# Microsoft to bid for Yahoo in $44billion deal



## bvbfan (1 February 2008)

Breaking news

MSFT bids $31 for Yahoo

Futures spiking


----------



## mayk (1 February 2008)

At least it will help finish NASDAQ in green tonight


----------



## Nyden (1 February 2008)

Selfish Americans.

I was hoping for a massive drop of indiscriminate selling ... looking less & less likely :

I don't even know why they're after Yahoo? Surely this new search-engine fad is going to wear off. At least Microsoft actually sell tangible products.


----------



## roland (1 February 2008)

Funny how channel 9 inflated the bid to $50 billion, probably doesn't really sound like much of a difference - but hey, I'll take the difference anyday.

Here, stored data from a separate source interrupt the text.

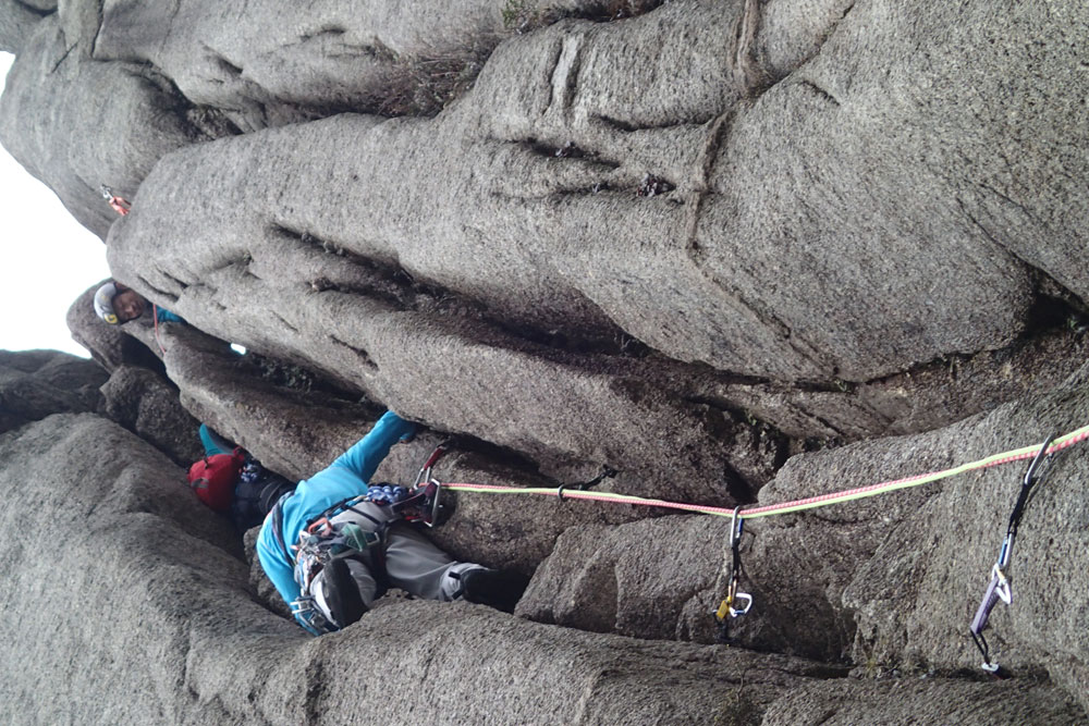 P4(中尾根) 5.7 中間部分の核心は中に入ると苦しくなる。テラスでピッチを切って、上部はかぶり気味になっている。内面登攀に入るとザックが邪魔になる。 P3(中尾根) 5.7 ワイドクラックの中を登るが、上部の核心でいつ外に出るかで苦しくなったり楽になったり。 |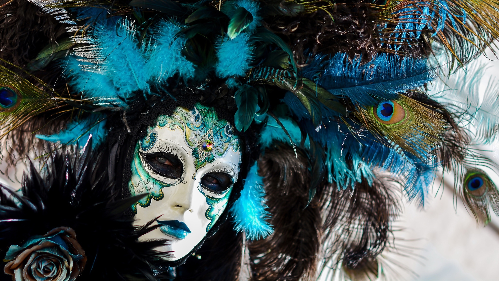 Edytor tapety: Kobieta w weneckiej masce z piórami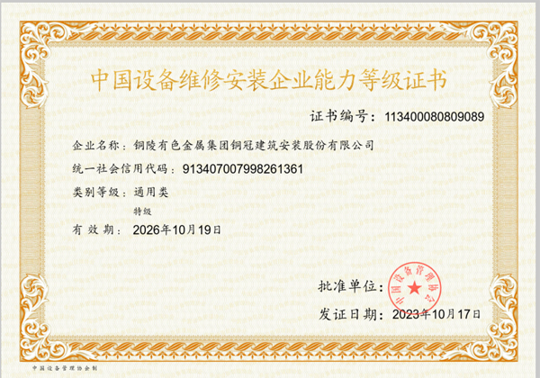中國(guó)設(shè)備維修安裝企業(yè)能力等級(jí)證書

Obviously a missing link for Microsoft, if they gain Yahoo then MicroSoft will certainly be closing the gap on total "out of the box" desktop ownership.

I would love to see the day MicroSoft make a takeover bid for Apple - wow, wouldn't that make news!


----------



## mayk (1 February 2008)

Yeah APPLE , MSFT, YHOO and GOOG the biggest, baddest and the ultimate company, which can manipulate people life, like never before. Just like Big corporation in Resident evil? 

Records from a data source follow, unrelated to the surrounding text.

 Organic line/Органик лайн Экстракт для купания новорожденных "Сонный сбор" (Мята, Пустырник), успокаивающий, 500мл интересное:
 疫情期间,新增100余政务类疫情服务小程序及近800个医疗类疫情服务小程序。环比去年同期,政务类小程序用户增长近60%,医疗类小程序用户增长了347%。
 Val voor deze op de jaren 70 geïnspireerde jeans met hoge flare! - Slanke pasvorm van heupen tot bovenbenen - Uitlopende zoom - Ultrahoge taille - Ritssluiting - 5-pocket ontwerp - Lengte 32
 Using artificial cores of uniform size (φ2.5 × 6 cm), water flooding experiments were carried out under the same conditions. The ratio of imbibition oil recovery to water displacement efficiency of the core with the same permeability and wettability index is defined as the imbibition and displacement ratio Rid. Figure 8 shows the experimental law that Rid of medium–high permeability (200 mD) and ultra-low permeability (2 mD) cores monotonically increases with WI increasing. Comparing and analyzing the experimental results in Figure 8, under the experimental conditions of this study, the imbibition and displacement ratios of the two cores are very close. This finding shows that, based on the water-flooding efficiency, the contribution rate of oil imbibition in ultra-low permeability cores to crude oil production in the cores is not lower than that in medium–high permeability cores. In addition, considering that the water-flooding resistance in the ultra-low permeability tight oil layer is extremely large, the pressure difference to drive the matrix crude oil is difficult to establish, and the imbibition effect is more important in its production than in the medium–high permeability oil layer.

On a side note the current plight of Yahoo might force this offer to go further than last time. Yahoo is in deep shift right now, and its investors will look MS as a saviour. A very timely decision from MS indeed.

Dreamlarge


----------



## bloggs_oz (2 February 2008)

roland said:


> Funny how channel 9 inflated the bid to $50 billion, probably doesn't really sound like much of a difference - but hey, I'll take the difference anyday.




44.6 billion US = 49.41 billion AUD.  Still not quite 50, but close enough that they can get away with it


----------



## roland (2 February 2008)

bloggs_oz said:


> 44.6 billion US = 49.41 billion AUD.  Still not quite 50, but close enough that they can get away with it




Damn those exchange rates, just put there to confuse my brain - which, mind you, becomes easier as the years roll by


----------